4: ◆3P1o8JdRMw[saga ]
2017/06/26(月) 23:12:42.33 ID:DTO7WTVj0
「中身、見たの?」
当人はいないが、そう口に出してみる。女の子のカバンの中身を勝手に見るなんて……と思ったけど、よくよく考えたらプロデューサーが見たかはわからないし、それに、アタシのバッグだってそもそも知っていた可能性だってある。この件については、次に事務所に来るであろう明後日に言及してやろうと心に誓った。
プロデューサーもいないし帰ろう。
そう思ってカバンを手に取ってから、アタシが帰ってしまうのはまずいんじゃないかという気がしてきた。プロデューサーは多分、近くのコンビニで夜食でも買っているのではないか。アタシは事務所の鍵を持っていないし、そもそも鍵をかけずに外出するプロデューサーがカギを持って出かけるとも思えない。
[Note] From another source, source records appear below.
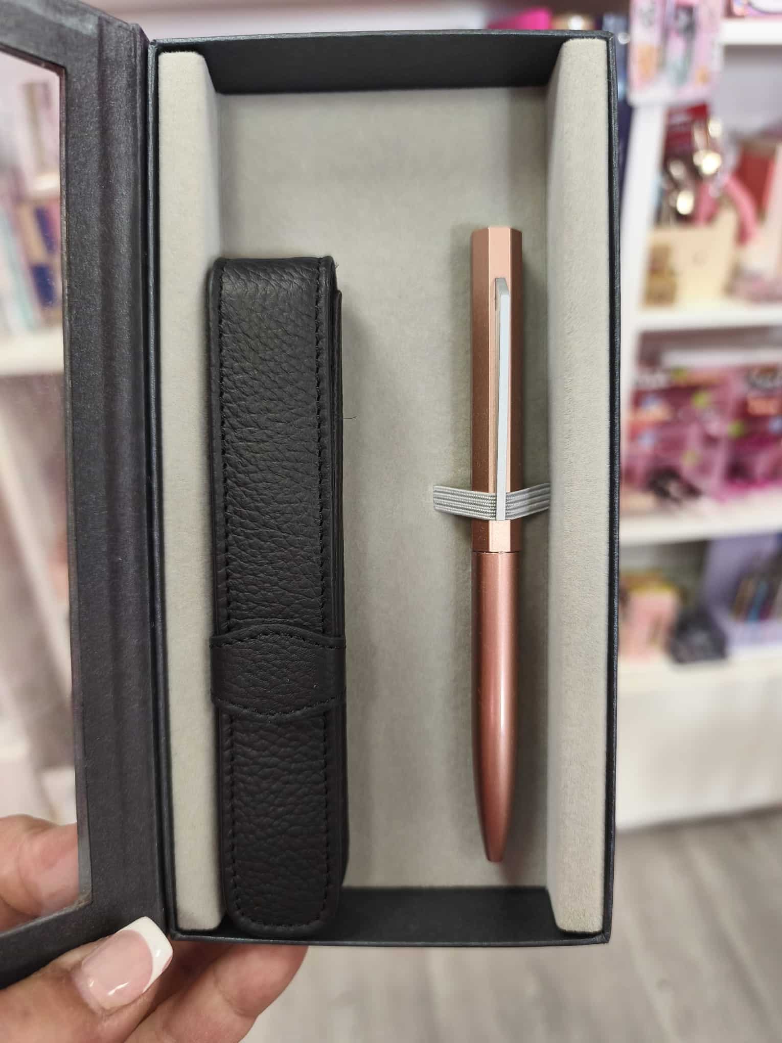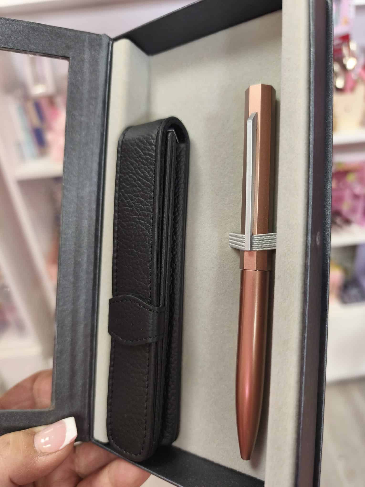 Bolígrafo de metal con acabado en color rosa dorado.
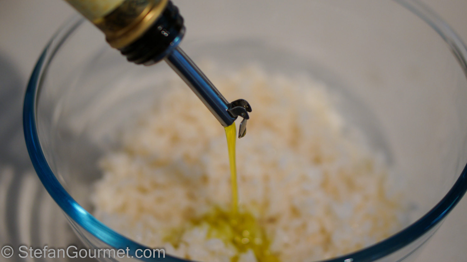 Stir a bit of olive oil into the rice to prevent it from sticking together.
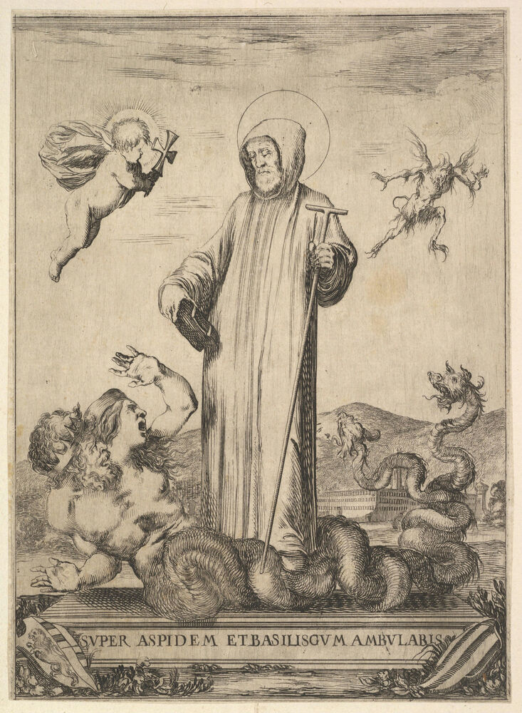 Saint Jean Gualbert trampling a monster with two human heads and a serpentine body, a flying demon in background to right, an angel with a cross flying to left, from 'Frontispiece and four scenes from the life of Saint John Gualbert' (Frontispice et quatre vignettes pour une vie de Saint Jean Gualbert)
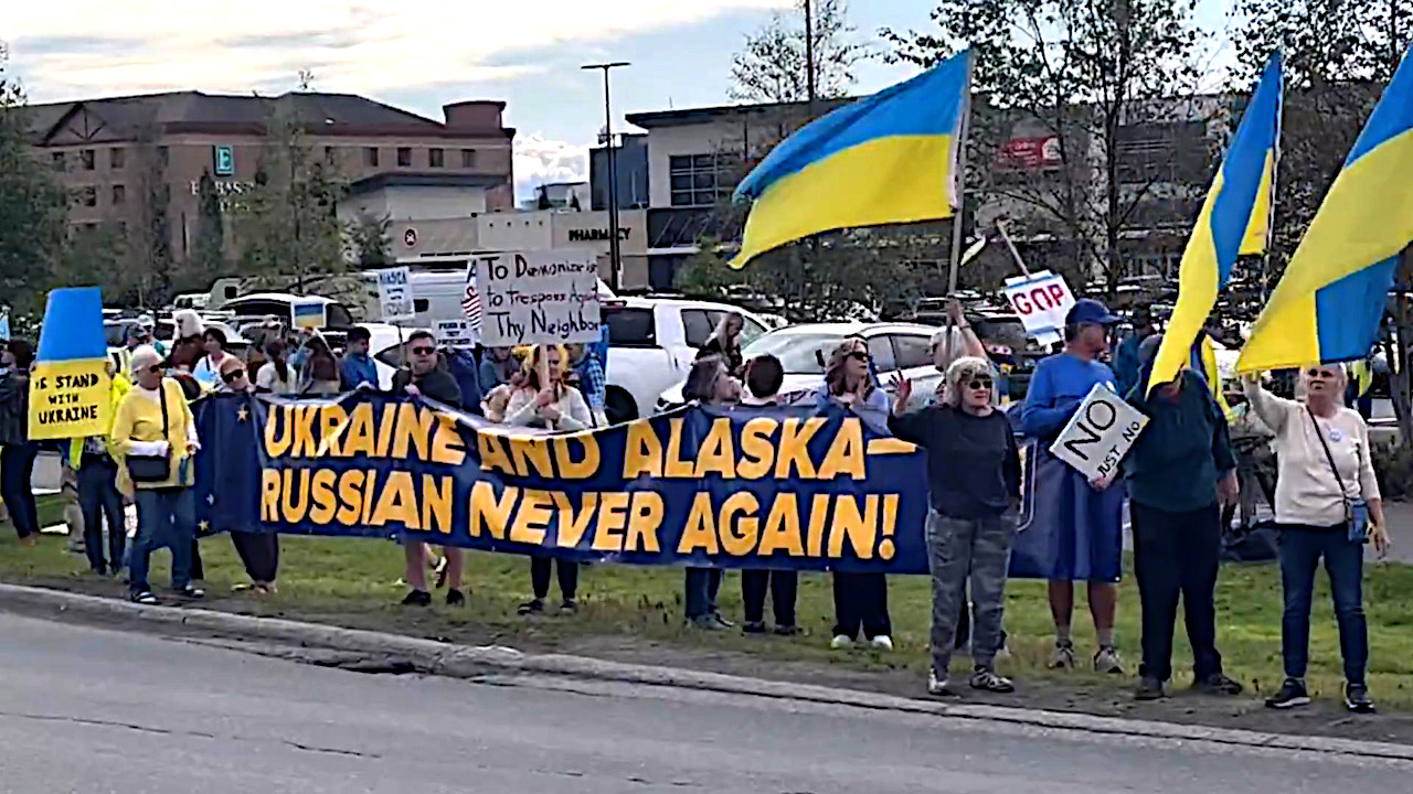 Video trên mạng xã hội, một nhóm biểu tình, hẳn là từ phe Ukraine. Có thể thấy biểu ngữ “Ukraine và Alaska sẽ không bao giờ trở lại là của Nga”. Năm đó Mỹ đã trả một lượng tiền thì mới có thể có được Alaska. Không phải bằng ngoại giao, không phải bằng vũ lực, mà là chi tiền để mua. Một vụ mua bán rất có lời cho Mỹ. Không rõ là những người Ukraine so sánh Ukraine với Alaska trong trường hợp này là ý tứ thế nào:

急に、防犯意識の低さについてちょっと説教をしてやりたい気分になった。
いつもアタシのことをからかってくるプロデューサーを、反論が難しいであろうことで逆に追い詰める。悔しそうな、それでいて申し訳なさそうな彼の顔が簡単に想像できる。想像するだけでもかなり魅力的な想像だった。
アタシは彼がいつも腰かけている椅子に腰かけて、しばらく時間をつぶすことにした。スマートフォンを起動してみると、丁度土曜日が終わって日曜日になるところだった。幸い、日曜日は仕事がない。予定もないので、別に夜更かしすることになったって問題はない。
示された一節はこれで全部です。